DSCN0280I didn’t tell anyone that everything I write about would be cheerful or limited to hardships that involve nothing worse than tiring train rides.  I didn’t embark on this journey because I expected to find joy around every corner. As Javier said, “I go for the difference.”

For me, the most striking difference in Budapest are the many reminders that Hungary was occupied by the Nazis between 1944-45 and then by the Communists between 1945 and 1990.  There are bullets in walls. There is a Museum of Terror. There is a memorial of shoes along the banks of the Danube to honor the thousands who were sent to their deaths in the river.   The city’s largest temple displays placards of the names of those murdered in its courtyard. Daisy’s apartment building, like many in her neighborhood, sheltered Jewish families hiding from the Nazis.

During the time I have spent her with Daisy, she has shared many stories of her Jewish family and her early childhood that provide a very personal and tragic portrait of recent Hungarian history.  The books I’ve read and the films I’ve seen didn’t prepare me emotionally for Daisy’s stories. In a small but significant way, they connect my abstract understanding of history with my life.  Her stories bring me a little closer to my Armenian grandfather, who lost his family in an earlier holocaust but was never able to talk about it.

What I have learned here reminds me that the past, good and bad, remains with us individually and collectively long after we have experienced what we call change.

Daisy describes how Hungary is doing better but, like much of Eastern Europe, is still struggling with economic recovery, a complex political environment and social justice.  Budapest has been a special place to visit partly because of its recognition of our humanity.

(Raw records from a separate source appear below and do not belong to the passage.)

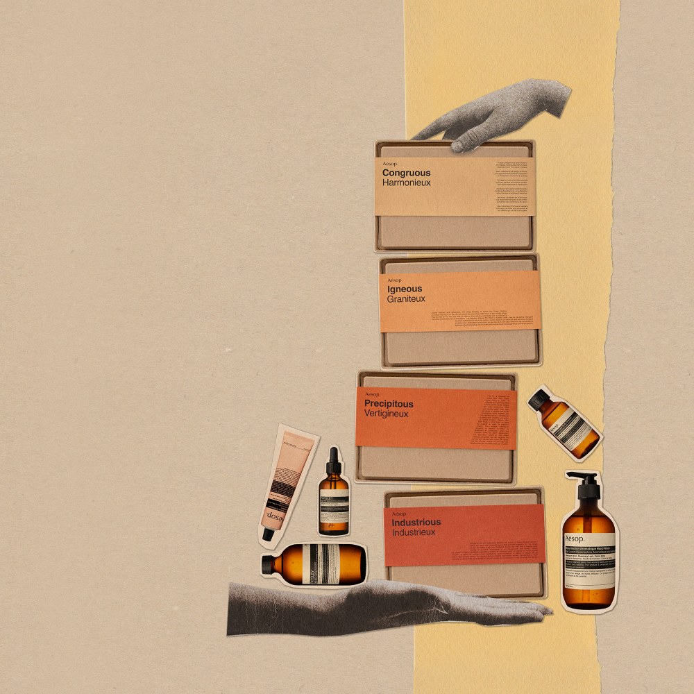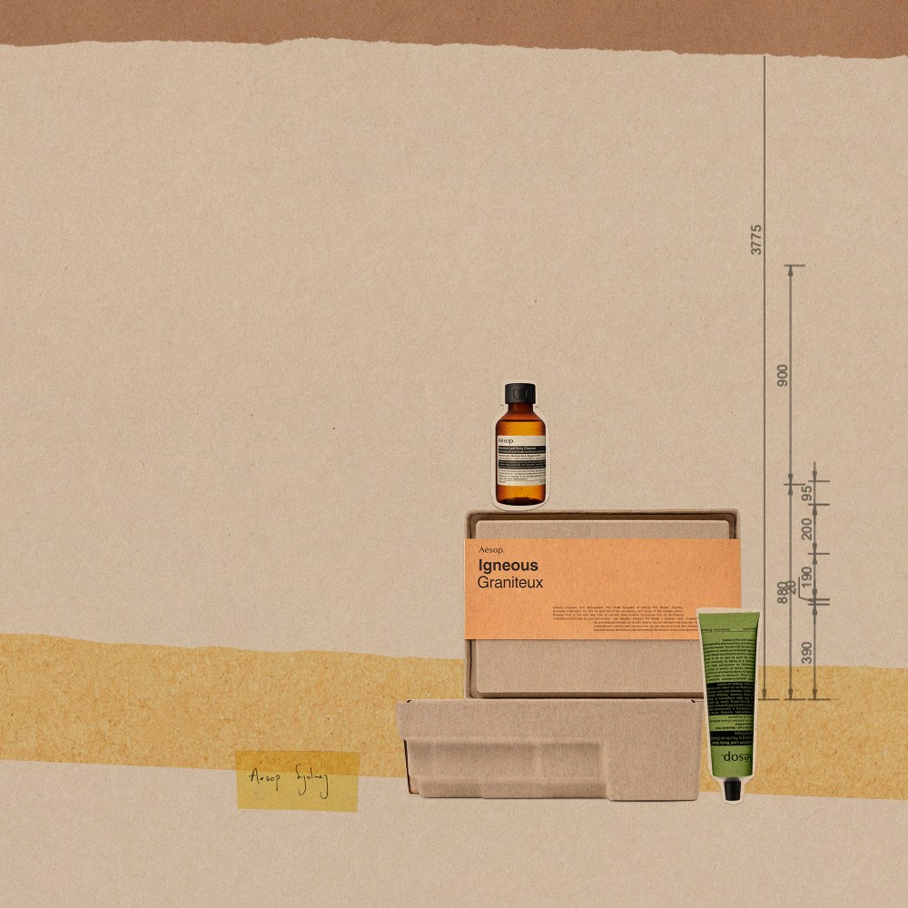其中Igneous:A Geranium Leaf Body Care Duo(山岩漫步),灵感来自 Aesop 悉尼皮特街店。注入活力的身体保养二件组,打造无暇洁净、柔软保湿的肌肤;其礼盒包装设计旨在向 Aesop 雪梨皮特街店的铺石外墙致意。Industrious:Hand Care in 3 Acts(砖瓦绿洲),灵感来自首尔 Aesop 汉南洞店。手部保养三部曲──保持双手无暇洁净、完美保湿──其外包装纸盒设计灵感来自 Aesop 首尔汉南洞店。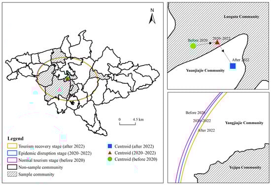 The standard deviation ellipse provides a visual and intuitive means to depict the spatial representation and multidimensional characteristics of livelihood resilience. In this study, parameters of the standard deviation ellipse—such as area, major axis, minor axis, shape index, and centroid—are employed to identify the spatial layout of livelihood resilience among residents in the Wulingyuan Scenic Area. These parameters capture the multidimensional features of centrality, expansiveness, directionality, and spatial form, thereby providing an intuitive portrayal of the spatiotemporal evolution of livelihood resilience in the region. Specifically, if livelihood resilience exhibits a clustering trend, the distribution ellipse will contract spatially; if it shows a dispersed aggregation trend, the ellipse will expand spatially; and if it follows a stable growth pattern, the distribution ellipse will remain relatively stable.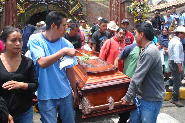 NOTICIAS 20/04/2012Se aprestan a sepultar a otro de sus muertosA lo lejos se escuchan las campanas del templo de Cherán, decenas de familiares y amigos se arremolinan alrededor del féretro de Santiago, un hombre bueno dicen todos, un hombre que era ejemplo de padre de familia, de buen esposo, que asistía cotidianamente a misa, que ayudaba al templo, que se dedicaba formalmente a producir velas junto con su esposa, un hombre que sin que existiera una recompensa económica fue de los primeros que asistió h... Ver más...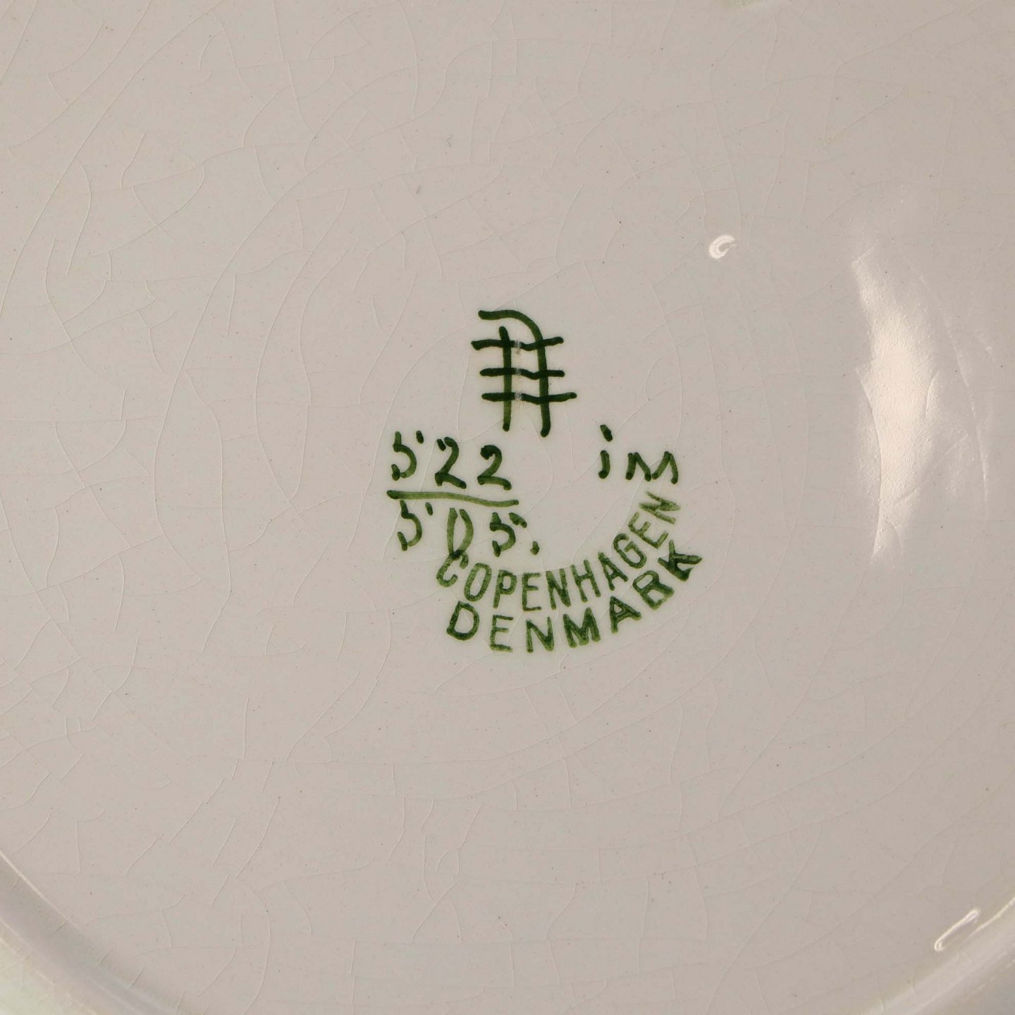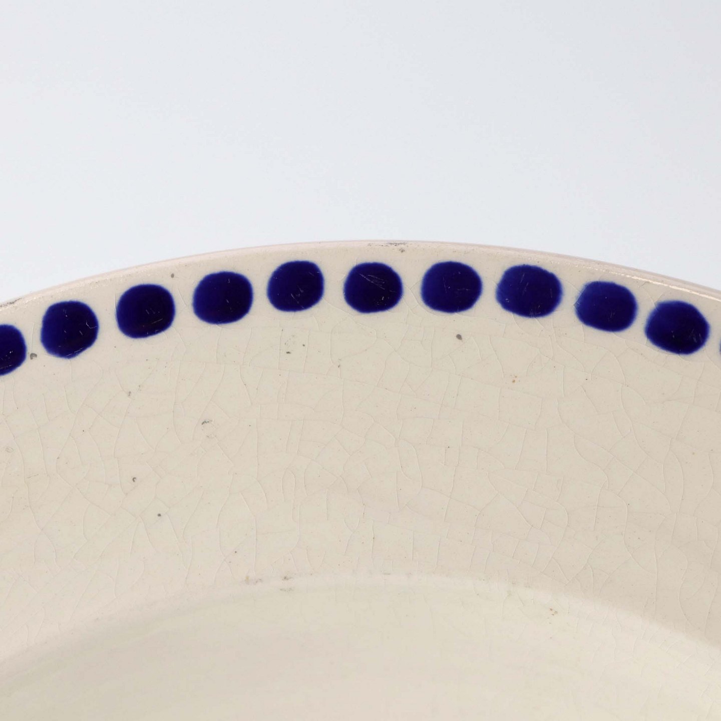 Fremstår med krakkeleringer i glasuren, nister og ujævnheder i dekorationen.

Shoes on The Danube by Phil Watkins

We are not human beings on a spiritual journey. We are spiritual beings on a human journey. — Stephen Covery

The future enters into us, in order to transform itself in us, long before it happens.– Rainier Maria Rilke

4 comments

  1. Thanks for the quiet yet powerful photo. I always like to think I am on an exploration of how I fit into the world on all of my trips, even the so-called “touristy ones.” I love your Rainier Maria Rilke quote!

  2. Thank you for this post, Kim. It must have been shocking to see those shoes. Have you read Julie Orringer’s novel The Invisible Bridge? It’s set in Paris and Budapest before and during theHolocaust. I highly recommend it to you.